An interesting retrospective on the Kelo Decision at the weekly Standard:

‘Kelo’ Revisited
Properties were seized and a neighborhood razed in the name of ‘economic development’ that never came

“See that pole with the transformer hanging from it?” Michael Cristofaro asked me. “That was where my family’s home was.”

I looked up at a line of high telephone poles marching diagonally against a blanched winter sky across a vast, empty field​—​90 acres​—​that was entirely uninhabited and looked as though it had always been that way. New London, population 27,000, a rundown onetime whaling port on the Atlantic coast that never recovered after the whaling industry died at the end of the 19th century, is a desolate-looking city. […]

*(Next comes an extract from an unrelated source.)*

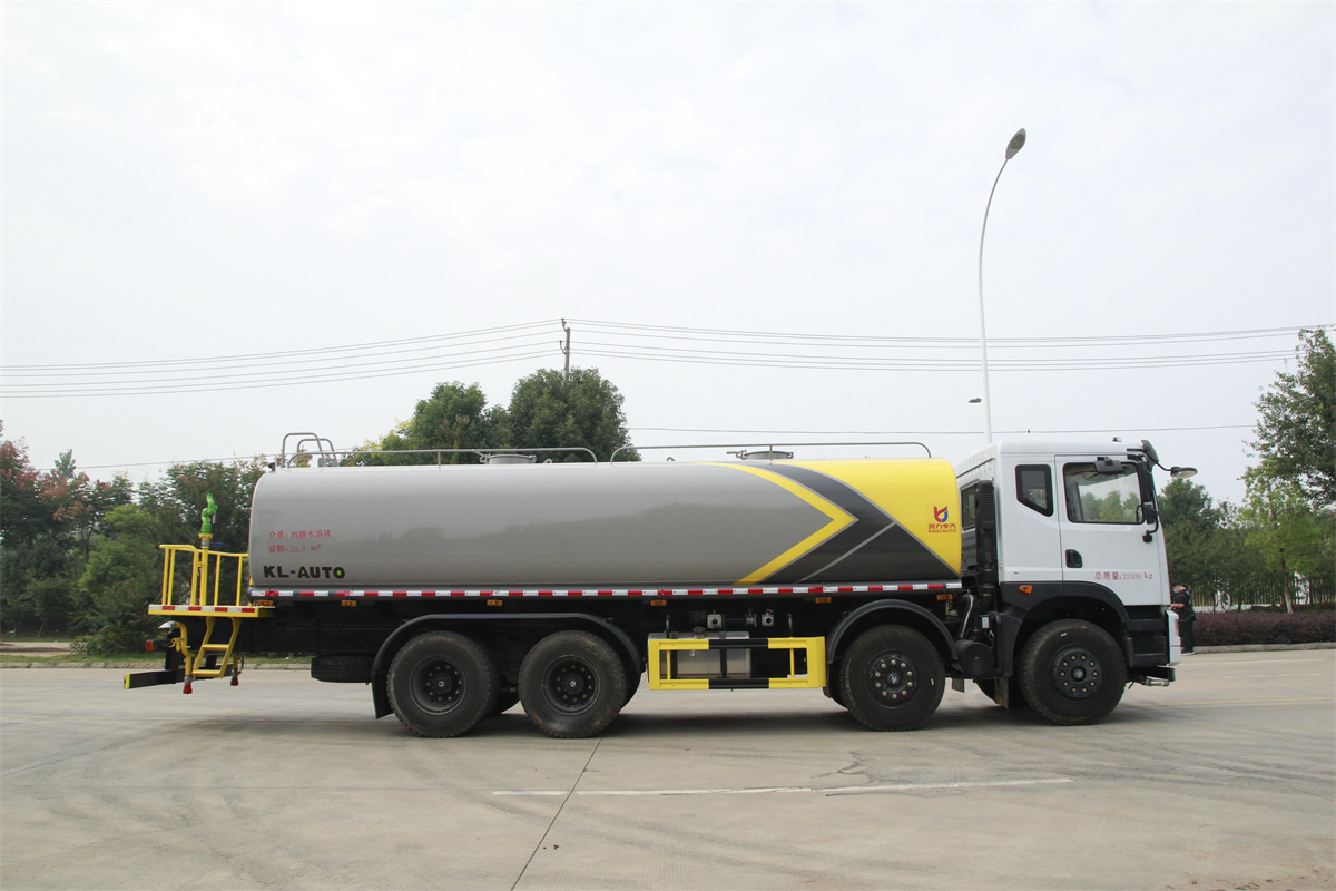 灑水車前裝有鴨形噴嘴或圓頭沖嘴,后面裝有圓柱開灑水噴嘴或蓮蓬頭噴嘴,后部有一工作平臺,裝配有水炮。后部還可裝8個噴嘴(選裝)。

Cristofaro and I were walking through a section of New London called Fort Trumbull, a fist-shaped peninsula jutting out into the Thames. It is the battleground of what must be the most universally loathed Supreme Court ruling of the new millennium, Kelo v. City of New London (2005). The case is named after its lead plaintiff, Susette Kelo, a nurse who had owned a home a few blocks away from the Cristofaro house. The Supreme Court voted 5-4 to uphold a Connecticut Supreme Court ruling that the city of New London and a nonprofit quasi-public entity that the city had set up, then called the New London Development Corporation (NLDC), were entitled to seize, in a process known as eminent domain, the homes and businesses of Kelo, the Cristofaros, and five other nearby property owners in the name of “economic development” that would generate “new jobs and increased revenue,” in the words of since-retired Justice John Paul Stevens, author of the majority opinion.

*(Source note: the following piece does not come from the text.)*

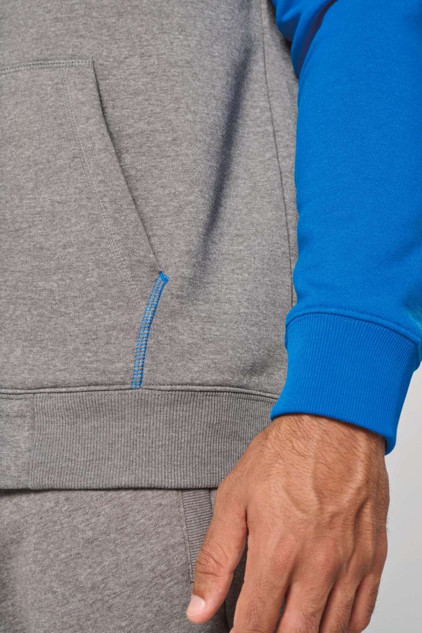 65% polyester / 35% cotton Brushed fleece Zip fastening Contrasting raglan sleeves and hood Hood lined in matching mesh knit Kangaroo pockets with fluorescent phone pocket Earphone access 2 x 2 double layer ribbed cuffs and hem

That is, the city and the NLDC were entitled to condemn and then bulldoze people’s homes solely in order to have something else built on the land that would produce higher property taxes​—​such as the office buildings, luxury condos, five-star hotel, spacious conference center, a “river walk” to a brand-new marina, and high-end retail stores that were part of an elaborate “economic development” plan for Fort Trumbull that the NLDC had launched in 1997. The Constitution’s Fifth Amendment bars governments from taking private property unless the taking is for a “public use.” Historically “public use,” as courts had interpreted it, meant a road, a bridge, a public school, or some other government structure. But in the Kelo decision, the High Court majority declared that “economic development” that would involve using eminent domain to transfer the property of one private owner to a different but more economically ambitious private owner​—​such as a hotel​—​qualified as a public use just as much as, say, a new city library.